TIANANMEN 2.0

Protesters in Hong Kong rally for press freedom. Photo from Bloomberg.com

Protesters in Hong Kong rally for press freedom. Photo from Bloomberg.com

IS TOMORROW THE DAY CHINA’S LEADERS ORDER AN ATTACK ON HONG KONG?

 

It’s a clash that’s been coming since the British marched out of Hong Kong on July 1, 1997. Despite promises from Beijing and wishful thinking in Hong Kong, surely its people knew that China’s dictators someday would move to snuff out their freedom.

It may be inevitable.

The anniversary of the day Great Britain handed Hong Kong to China always sparks protest.
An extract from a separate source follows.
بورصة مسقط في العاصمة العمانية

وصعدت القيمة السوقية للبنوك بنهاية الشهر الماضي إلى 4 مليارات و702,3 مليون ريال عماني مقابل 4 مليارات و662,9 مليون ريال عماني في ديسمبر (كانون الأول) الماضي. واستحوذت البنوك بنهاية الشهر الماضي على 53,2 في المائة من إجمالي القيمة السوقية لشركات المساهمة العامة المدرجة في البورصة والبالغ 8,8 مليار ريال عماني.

Tomorrow’s anniversary will be especially tense. China’s state-controlled news media have been blasting Hong Kongers over their ceaseless clamor for democracy.
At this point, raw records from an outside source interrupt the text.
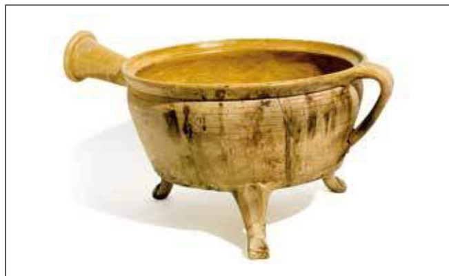
Ein aus im Schloss gefundenen Scherben zusammengesetztes Dreifußgefäß mit einem sog. Tüllengriff.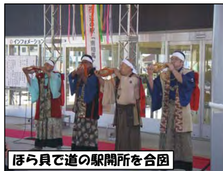
ほら貝で道の駅開所を合図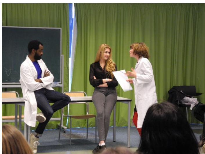
Pièce de théâtre forum Dérivée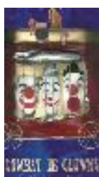
Combat de clowns (2003) théâtre forain

“If they overplay their hand – just like the folks did in 1989 in Tiananmen Square – the state comes down on them,” said a leading pollster in the city.

But as Martin Luther King Jr. and Mao Tse-tung knew, only by “overplaying their hand” can people successfully challenge power.
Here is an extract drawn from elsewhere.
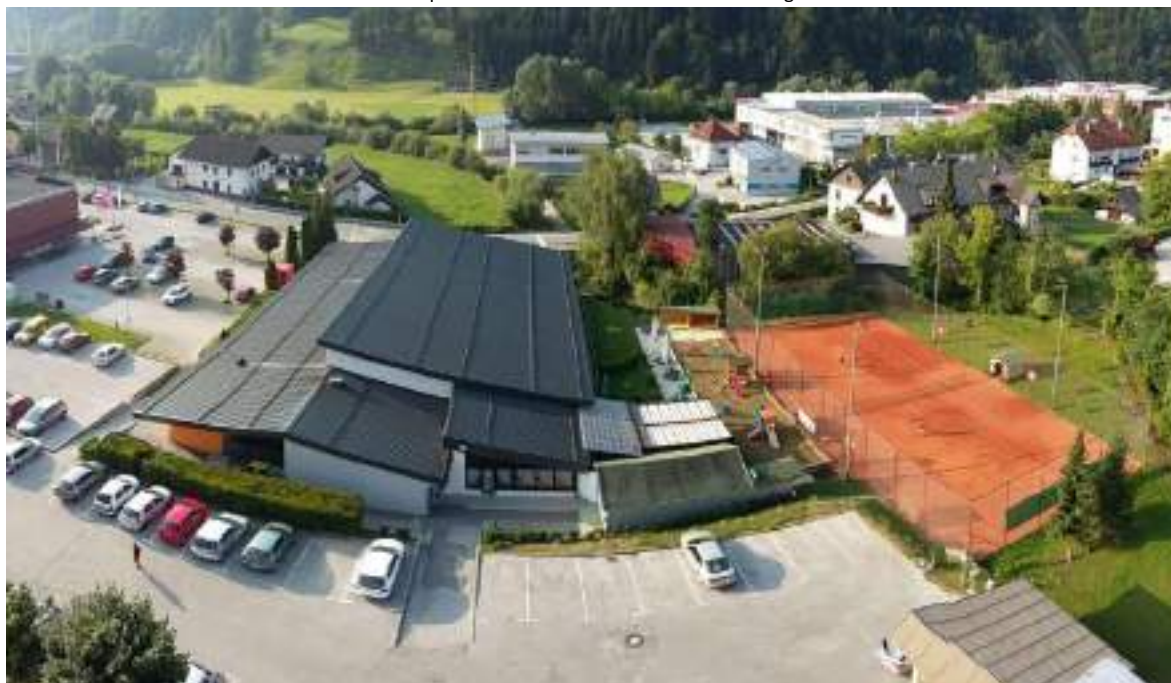
Slika 1: kompleks Plavalni bazen Železniki s teniškim igriščem

Perhaps the fear that ham-fisted repression could hurt profits from the country’s most prosperous city will keep Beijing from clamping down. It’s also possible that forceful and prolonged pressure from international powers could prevent Chinese tanks and guns from rolling into Hong Kong. Without outside aid, that little island is destined to be subsumed into a giant dictatorship where free speech is prosecuted as subversion and calls for democracy treated as treason.

And with the example of Tiananmen, there’s no way international leaders can claim they didn’t see this coming.